The big reveal is that the cave where Elsie was being imprisoned is adjacent to the secret lab where, at William’s behest, a team that was at least supervised by Bernard was trying to create the father-in-law hybrid. It’s perfectly fine as a “tie it all together” direction to take the episode, but there’s supposed to be more weight to that revelation than the episode can sustain, and it mostly feels like contrived coincidence instead of the neat knot it’s supposed to.

We also see The Man in Black and Lawrence captured by the Confederados who were sent away by Teddy in the prior episode. There’s a solid idea to this part of the episode, where even jaded old William eventually empathizes with Lawrence’s desire not to hurt or disappoint his wife and daughter, something William can relate to, enough to where William is willing to act to save them rather than just proceed in his quest to reach “Glory” or “The Valley Beyond.”

In practice, it’s a fairly paint-by-numbers outing for the ever-cool and collected William. Craddock, the Confederado leader, is mustache-twirly and generic, and the torment he puts Lawrence’s family through starts to feel like too much. But seeing William do something decent for once, as a way of processing his own familial demons, even if he denies that the act changes anything, has at the very least a solid thematic foundation beneath it.

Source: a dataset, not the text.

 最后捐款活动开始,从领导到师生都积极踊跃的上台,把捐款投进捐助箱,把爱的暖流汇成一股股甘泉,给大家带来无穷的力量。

Because the last time we see William interact with one of his father-in-law’s hybrids, he seems changed by his wife’s suicide and his daughter’s rejection of him. He starts to question whether these efforts amounted to anything, whether it’s good to try to live forever, or if eventually a human being becomes too twisted, or just outlives their usefulness, and becomes something less than, something not meant to be when they try to extend beyond that point. It’s lathered in the usual philosophical double-speak that tends to underwhelm, but at least it connects with the idea that seems to animate “The Riddle of the Sphinx”.

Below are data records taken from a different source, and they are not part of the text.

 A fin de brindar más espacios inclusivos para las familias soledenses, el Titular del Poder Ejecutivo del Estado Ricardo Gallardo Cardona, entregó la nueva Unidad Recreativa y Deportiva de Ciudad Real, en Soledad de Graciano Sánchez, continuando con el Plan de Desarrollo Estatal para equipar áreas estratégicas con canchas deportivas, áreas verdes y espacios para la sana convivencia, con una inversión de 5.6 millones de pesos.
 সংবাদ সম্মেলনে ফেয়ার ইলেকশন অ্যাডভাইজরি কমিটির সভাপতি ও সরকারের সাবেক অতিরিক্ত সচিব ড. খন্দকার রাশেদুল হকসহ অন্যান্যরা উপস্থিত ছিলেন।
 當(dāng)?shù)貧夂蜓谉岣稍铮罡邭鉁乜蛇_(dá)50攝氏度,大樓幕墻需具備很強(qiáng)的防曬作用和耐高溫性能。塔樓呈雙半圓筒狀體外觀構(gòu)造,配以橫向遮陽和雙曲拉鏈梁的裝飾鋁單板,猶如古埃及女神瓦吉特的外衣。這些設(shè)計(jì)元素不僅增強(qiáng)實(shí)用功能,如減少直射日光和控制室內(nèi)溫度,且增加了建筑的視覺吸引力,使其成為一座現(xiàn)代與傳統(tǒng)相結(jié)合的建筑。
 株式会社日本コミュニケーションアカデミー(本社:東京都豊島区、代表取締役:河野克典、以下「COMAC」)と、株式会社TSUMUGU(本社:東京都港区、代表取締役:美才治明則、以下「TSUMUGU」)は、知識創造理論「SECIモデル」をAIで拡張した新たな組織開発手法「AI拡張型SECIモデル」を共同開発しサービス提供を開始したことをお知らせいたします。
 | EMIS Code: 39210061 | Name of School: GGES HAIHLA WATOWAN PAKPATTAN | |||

That idea extends to the revelation that the woman we met in the colonial India park in the prior episode is actually Emily, William’s estranged daughter. It’s a twist that comes off a little cheesy, but fits nicely with what we’ve already seen. Having grown up with the park available to her, Emily is skeptical of any form of affection that can be manufactured, and has a confidence and ease around the hosts that marks her as someone experienced with them the same way William is.

She’s also the walking embodiment of the other side of that major theme -- that the way to live beyond your mortal life is not through experiments carried out by faceless, muscle-clad, mechanical goons, but by leaving a legacy, one that lives on through your children and the people whose lives you touch. As the Ghost Nation leader says when Emily and Stubbs and other park-goers are gathered around him, you live as long as the last person who remembers you. (Hello, fans of Coco!)

The arcs in this episode, clumsy through it may be, is William letting go of the idea that immortality can be obtained through Ford and Arnold’s creations, or that immortality itself is even desirable. Instead, it positions him to live on in his daughter, to rectify what went wrong with their relationship and with himself so that he can have the sort of life beyond that the Ghost Nation leader speaks of.

That idea is conveyed in the standard oblique fashion, and a lot of the groundwork to get there descends into doldrums, especially the interludes with Bernard and Elsie. But the desire for immortality is one of those natural questions that Westworld’s premise raises, and it’s nice to see the show exploring it a little, even if the results never rise above “fine.”